Phase 4 (plan) opens against these numbers. Its first decision:
**given the 32.95 µs per-dispatch floor, what is the
batch granularity for the first kernel?** The answer is either
frame-level (32 400 blocks/dispatch) or row-level (~120
blocks/dispatch for one 1920-wide row of 8×8 → still ~460 ns/block
overhead, ~4× NEON). Frame-level is the only granularity that
amortises overhead enough to leave kernel compute room to win.

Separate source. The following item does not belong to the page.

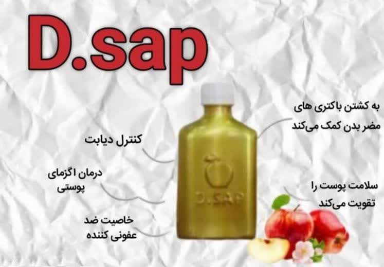 از فواید این ماده معجزهآسا که میتوان گفت، کمترین کار این ماده تقویت سیستم ایمنی بدن هست که این عمل به واسطه اسید استیک و اسید لاکتیک موجود و یا بواسطه داشتن انواع ویتامینهای B1،B2،B6 و بیوتین، اسیدفولیک، نیاسین، پتاسیم، کلسیم، پلی فنول و .... است. اکثر افراد فکر میکنند که D.Sap همان سرکه سیب خانگی هست، در صورتیکه فرایند تخمیر سرکه سیب تقریبا ۱ الی ۲ ماه هست ولی مدت زمان به عمل آمدن D.sap ده الی۱۱ ماه به طول میانجامد و آقای مهندس از سیبهای مرغوب این اکسیر را بدست میآورند.
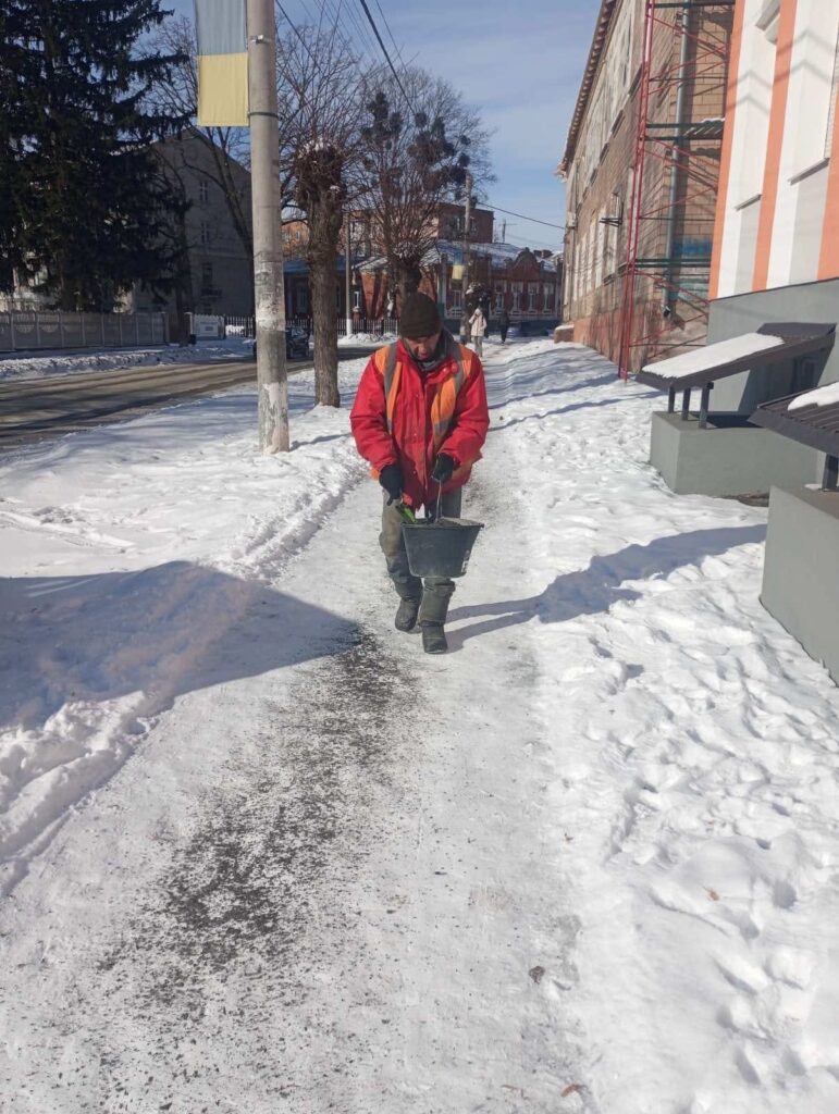 КП «Комунальник» протягом тижня забезпечувало прибирання скверів і площ, зупинок громадського транспорту, дитячих і спортивних майданчиків, вивезення сміття, а також посипку доріг, тротуарів, зупинок і пішохідних переходів у складних погодних умовах.

Open thread for a later phase (not blocking Phase 4):
- Multi-core NEON sweep (M3'): single-core NEON is the right
*competitor floor*, but the actual ARM headroom on hertz is
4× this number under load.
- Memory-bandwidth contention measurement (M6): does NEON's
rate change when concurrent QPU is reading the same LPDDR4x
bus? Needs the QPU kernel to exist first.
- Power-draw delta via Himbeere plug (M7): same — needs a real
GPU workload to differentiate from idle.